As with so many of the sexual abuse cases that have come to light in recent months, power dynamics play an important role when it comes to the abuse of children, and especially the abuse of child athletes.

“When someone who has control over whether or not you succeed, or even whether you are given the permission to compete, it can be terrifying to feel like you’re being put in the place of upsetting that person, and you fear retribution. ‘If I tell, will I stay on the team? What will he say about me to the other coaches or players or teammates?’” Houser says. “Not to mention the extra factor, in this case, that entire families had aspirations about these girls’ careers. It was an environment in which you follow directions and don’t ask questions, a culture of compliance. As a kid you look at all those things on the line and it feels insurmountable.”

Even when kids aren’t athletes, these power issues come into play. “Kids know that adults are more powerful than they are,” Brewer says. “If an adult says you are going to get in trouble if you tell, or that Mommy told me this is OK, kids may be afraid to question that.” In the USA Gymnastics case, she says, the desire to succeed and the “pull yourself up by your bootstraps” mentality only made things harder.

Both experts are hopeful that the press surrounding the victim impact statements in the Nassar trial will help discourage secret-keeping.

“Talking about sexual victimization has become more and more common in our culture,” Houser says. “The more the stigma of talking crumbles and the more people who come forward, the more people will feel like it’s OK to talk.

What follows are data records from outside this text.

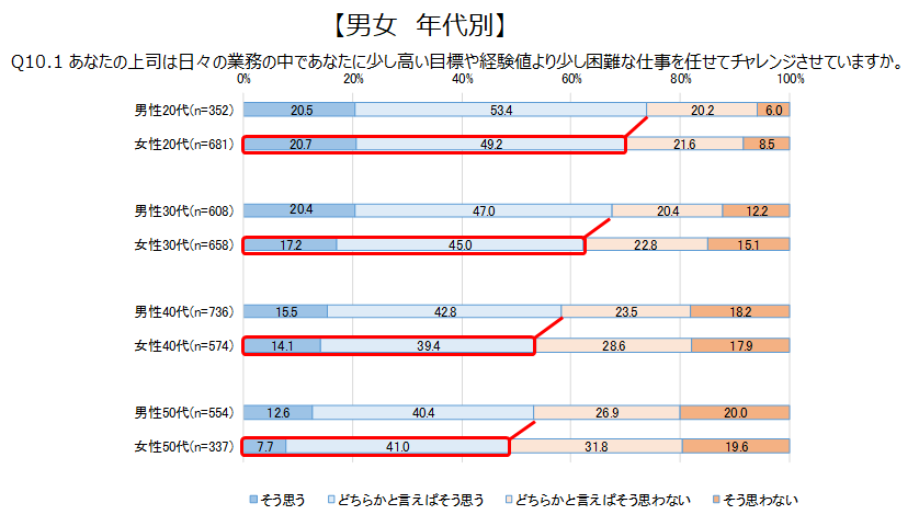 ・年代別男女別に「あなたの上司は日々の業務の中であなたに少し高い目標や経験値より少し困難な仕事を任せてチャレンジさせていますか」に対する回答を見ると、どの年代でも、「そう思う」「どちらかと言えばそう思う」の割合は男性より女性のほうが低い。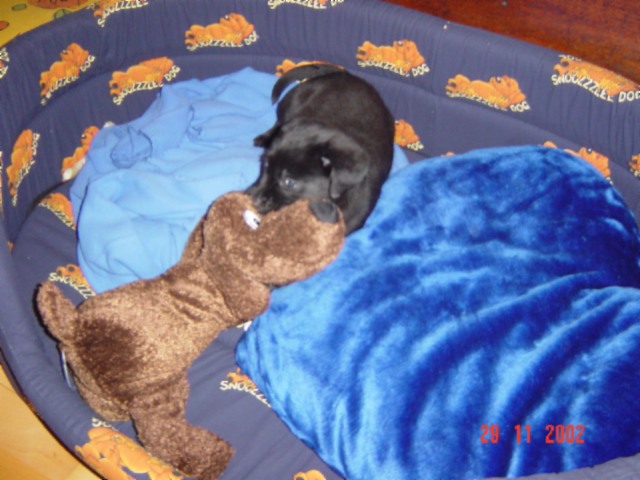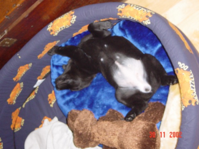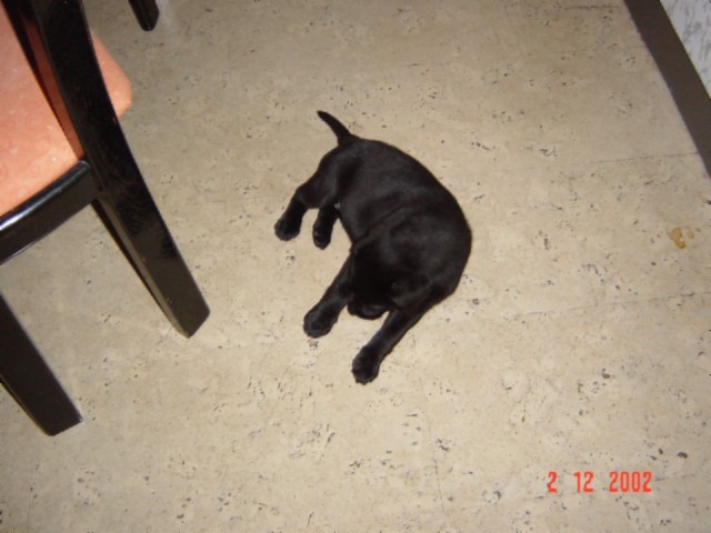 Mit 4 Wochen immer noch nix neues, außer daß alle zu mir Bambi sagen: Wer ist das nur???? *gähn*. Jedenfalls hab ich eins meiner Schwesterchen am Schwanzi gepackt und habs über den Boden "geschliffen". Achja, angeblich hilft ja quicken, aber sicher nicht bei mir :)) (kann ja auch keine Hundebücher lesen, zum Glück!!). Noch heute sagen Herrli und Frauli zu mir "damals hätten wirs wissen müssen!!".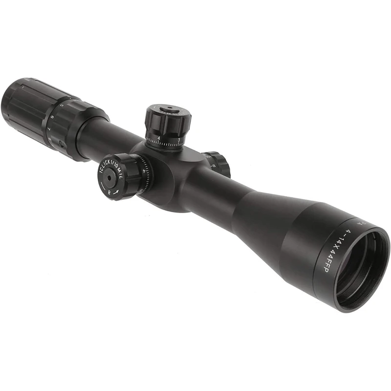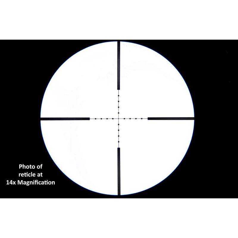 At the heart of the 4-14x44mm rifle scope is OptiCo’s first focal plane MIL-DOT reticle. Properly matched with MIL/MIL turret adjustments, this traditional reticle allows users to range and find their holdovers without being forced to use caliber specific BDC systems. Each dot is .25 MILs with a full MIL measured from the center of one dot to the next. For shooters who want a proven reticle with wide spread military acceptance, the MIL-DOT is perfect for you.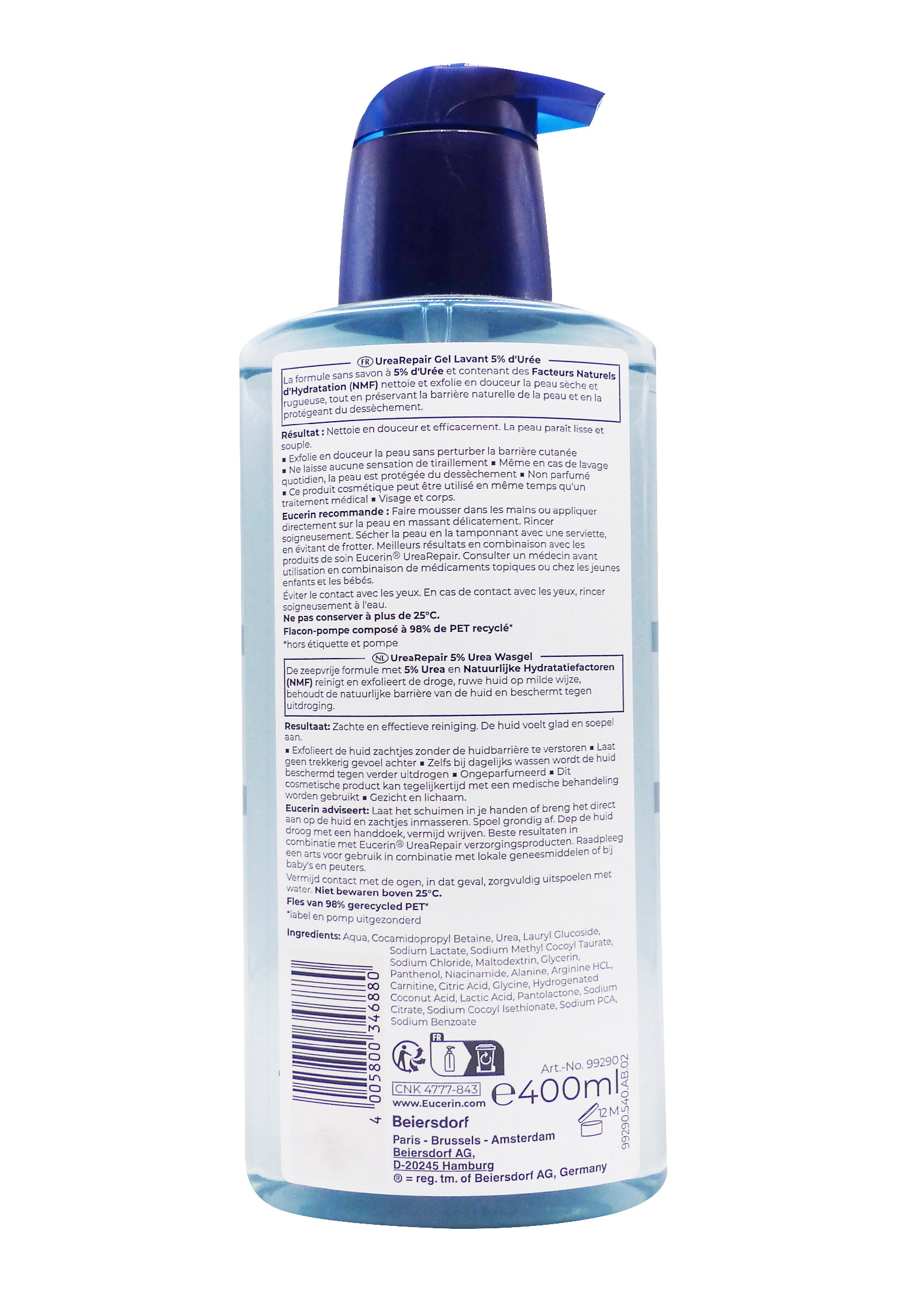 Eucerin Urea Repair Gel Lavant 5% d’Urée 400 ml est un gel nettoyant doux spécialement conçu pour les peaux très sèches à rugueuses, souvent sujettes aux sensations de tiraillements et de démangeaisons. Issu de la gamme dermatologique Eucerin, ce gel lavant sans savon associe la puissance hydratante de l’urée à 5%, un facteur naturel d’hydratation (NMF), à une base lavante très douce qui nettoie efficacement sans agresser la barrière cutanée.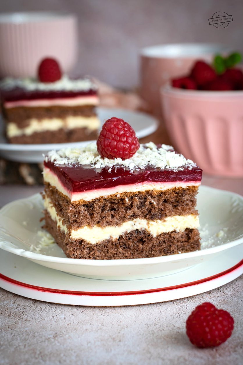 Kakaowy biszkopt z masą ajerkoniakową i malinami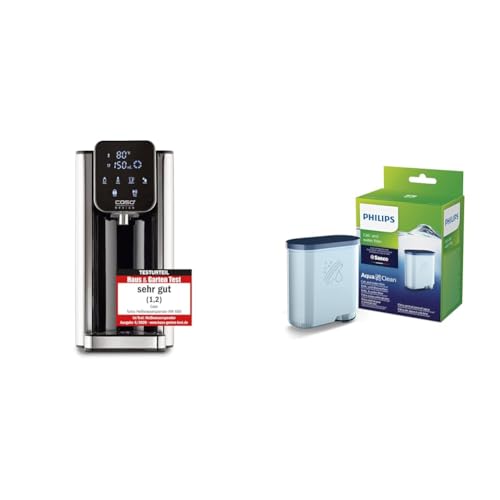CASO HW660 1879 Varmvattendispenser, Svart, Silver, 2.7 l & Philips AquaClean Kalk- och Vattenfilter, Passar Philips Helautomatiska Espressomaskiner, Tar bort Kalcium Naturligt, (CA6903/10)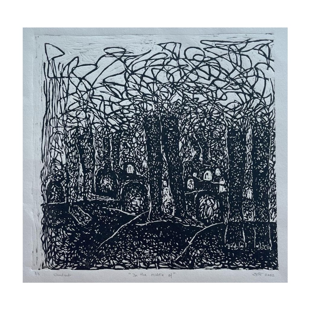 Srishti Gupta, ‘In the Middle of’, woodcut, 12” x 12”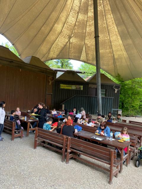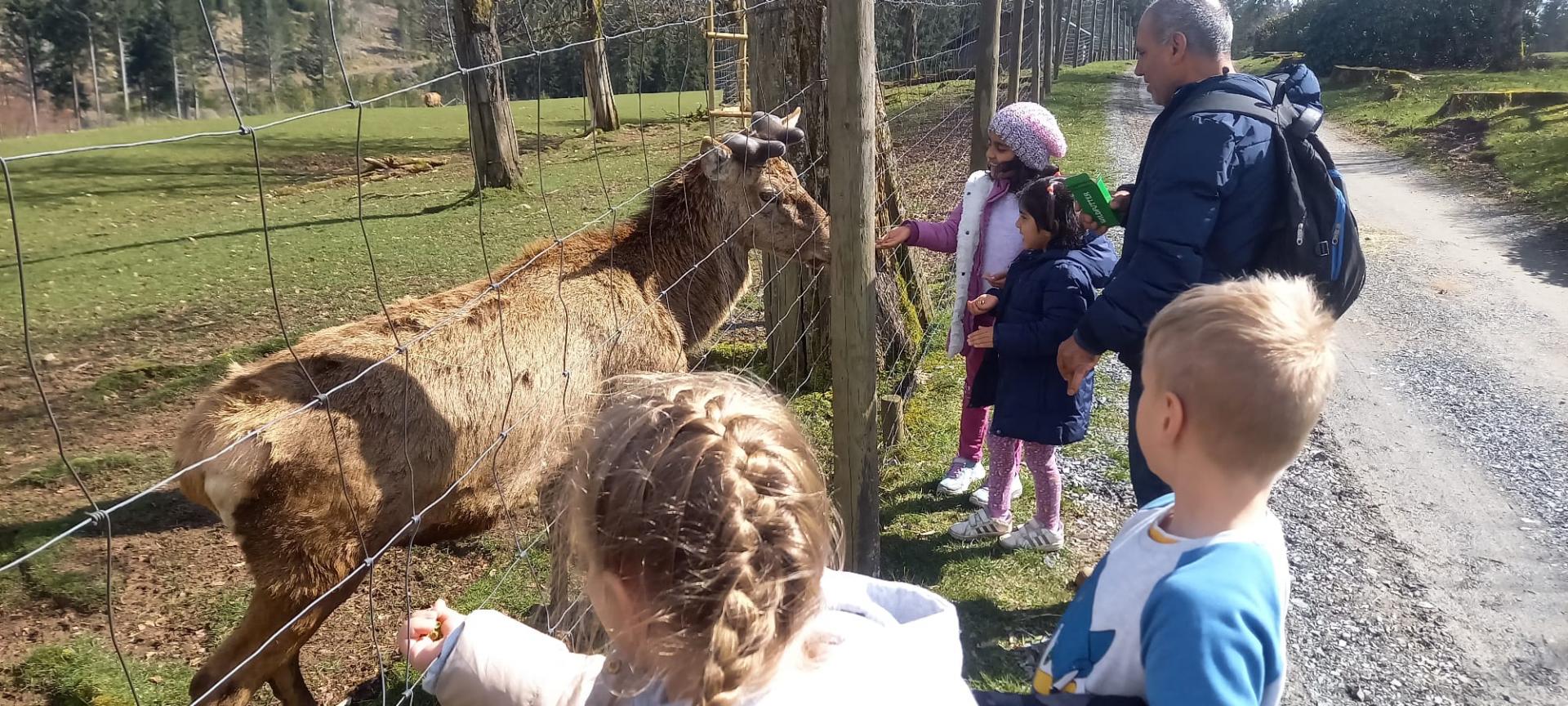 „Bei den sehr unterschiedlichen Ausflugszielen kamen die Kinder mit Wild- und Waldtieren in Berührung, konnten manche streicheln und füttern oder auch nur beobachten. Sie lernten die bunte Welt der Kunst kennen. Sie erfuhren, wie unsere Erde lange vor unserer Zeit aussah und welche Tiere damals lebten und lernten, was Stalaktiten und Stalagmiten in Tropfsteinhöhlen sind. Alle Sinne waren gefragt bei den Klangexperimenten, optischen Täuschungen und Tasträtseln in der Phänomania, Mitmachen stand hier im Vordergrund. Das Verständnis für physikalische, chemische und biologische Vorgänge wird hier gefördert. Aber auch Spielen, Lachen und Toben kamen nicht zu kurz (z.B. Monkey Town). In den Pausen waren Getränke, Snacks und kleine Mahlzeiten willkommen oder es folgte wie nach dem Besuch der Phänomania eine Stunde bei Pizza und Pasta in unserem Panoramahaus.
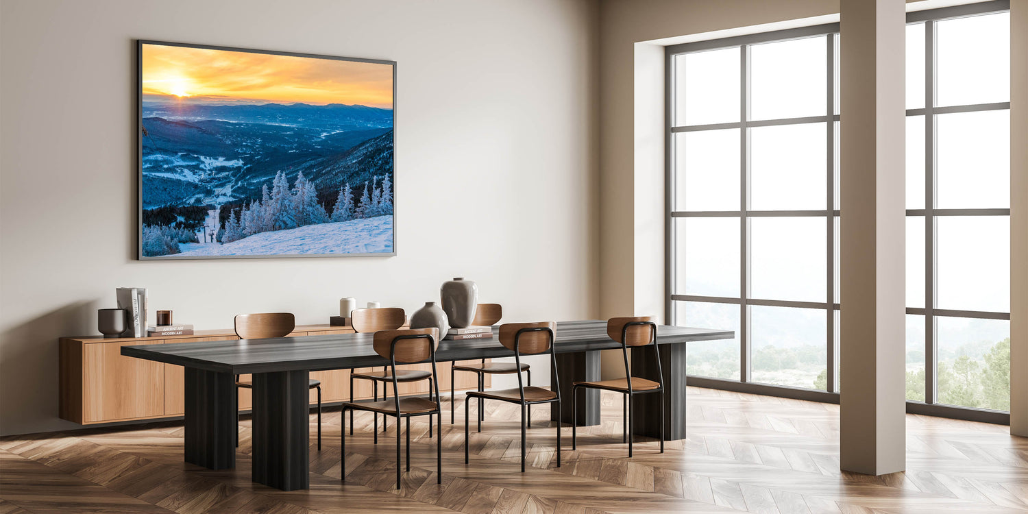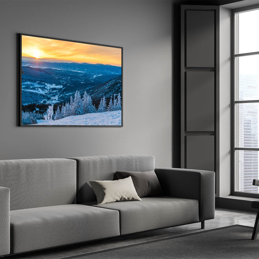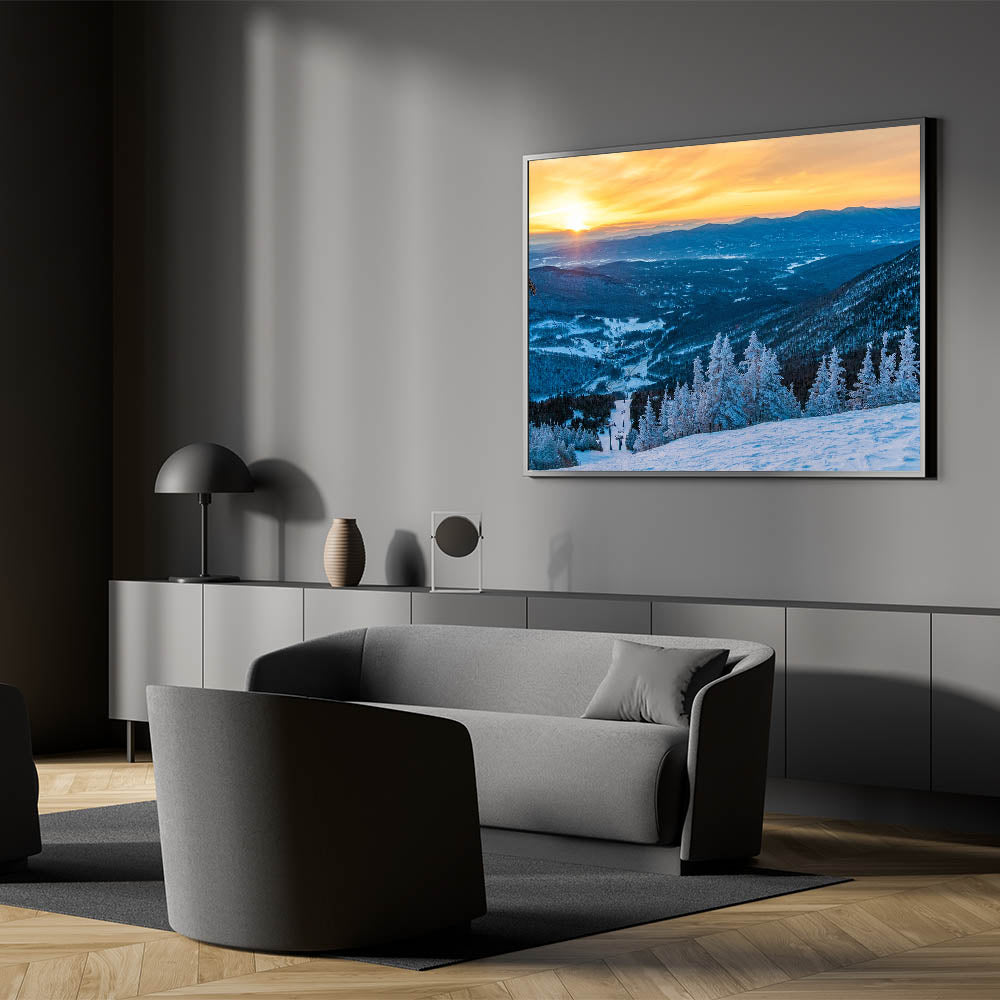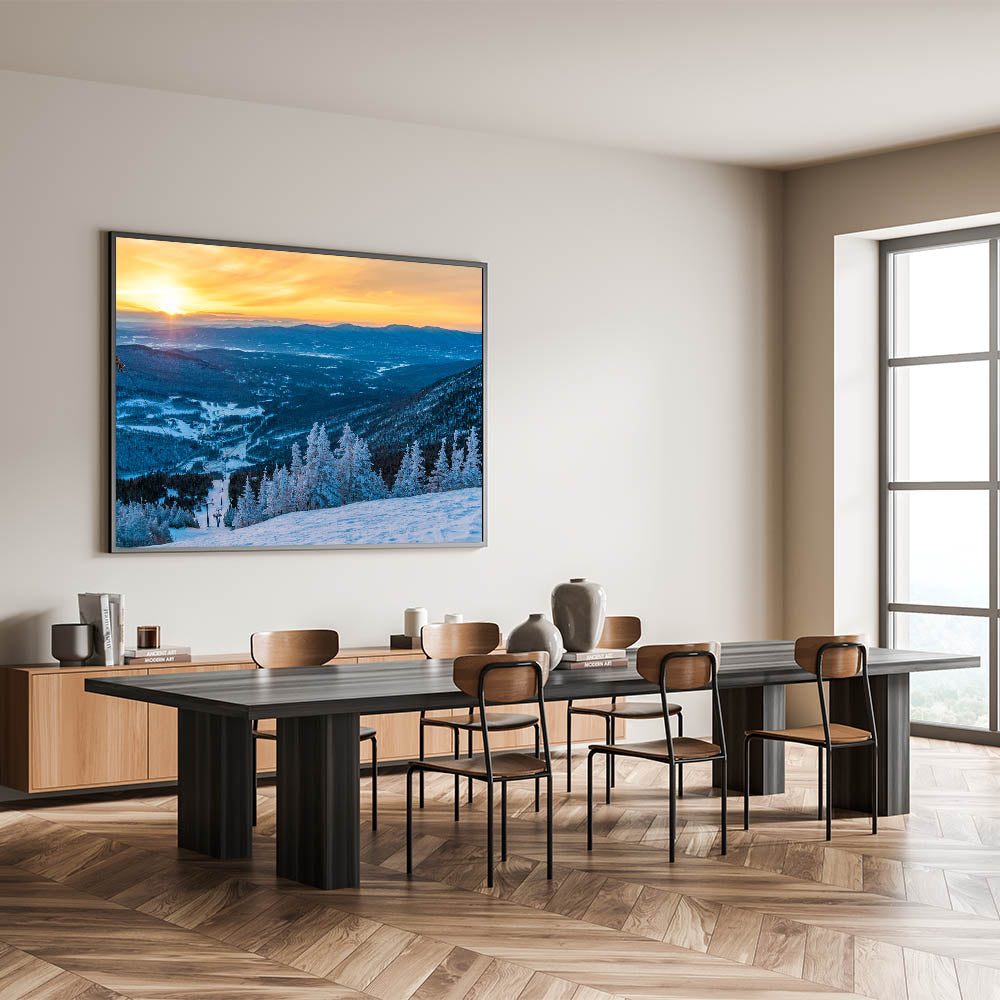 Capture the breathtaking beauty of Vermont’s winter wonderland with this stunning wall art showcasing a panoramic view of snow-covered mountains under a glowing sunset. The vibrant golden hues of the setting sun reflect off the snowy slopes, creating a captivating contrast against the cool blues of the valley and distant peaks. This Vermont scenic art is perfect for those who love the peaceful majesty of winter landscapes and the excitement of mountain ski resorts.

Plus, I think it’s been eye-opening to the public to see how truly life-changing speaking out has been to the victims — to their self-esteem and their aspirations.”

For parents of young children who want to address this head-on, Brewer says families need to start by having a frank conversation about their bodies. “Adults have to be comfortable in their discomfort when talking to their kids. This isn’t an easy topic. You have to be comfortable saying ‘vagina’ and ‘penis,’ and in most social situations that is incredibly difficult, even among adults. But when you talk to kids about anatomy without embarrassment or shame, it instills in them an understanding that there is no shame,” she says. Having the vocabulary to talk about their bodies will ensure there is clarity in a situation where a child is trying to report abuse, Brewer adds.

When it comes to secrets, Brewer says, parents should emphasize communication and safety. “It can help to explain that secrets are best kept when they are surprises, and anything that goes beyond that is probably not a good secret to keep,” she says. “Because this is a topic that so desperately needs the lid blown off.”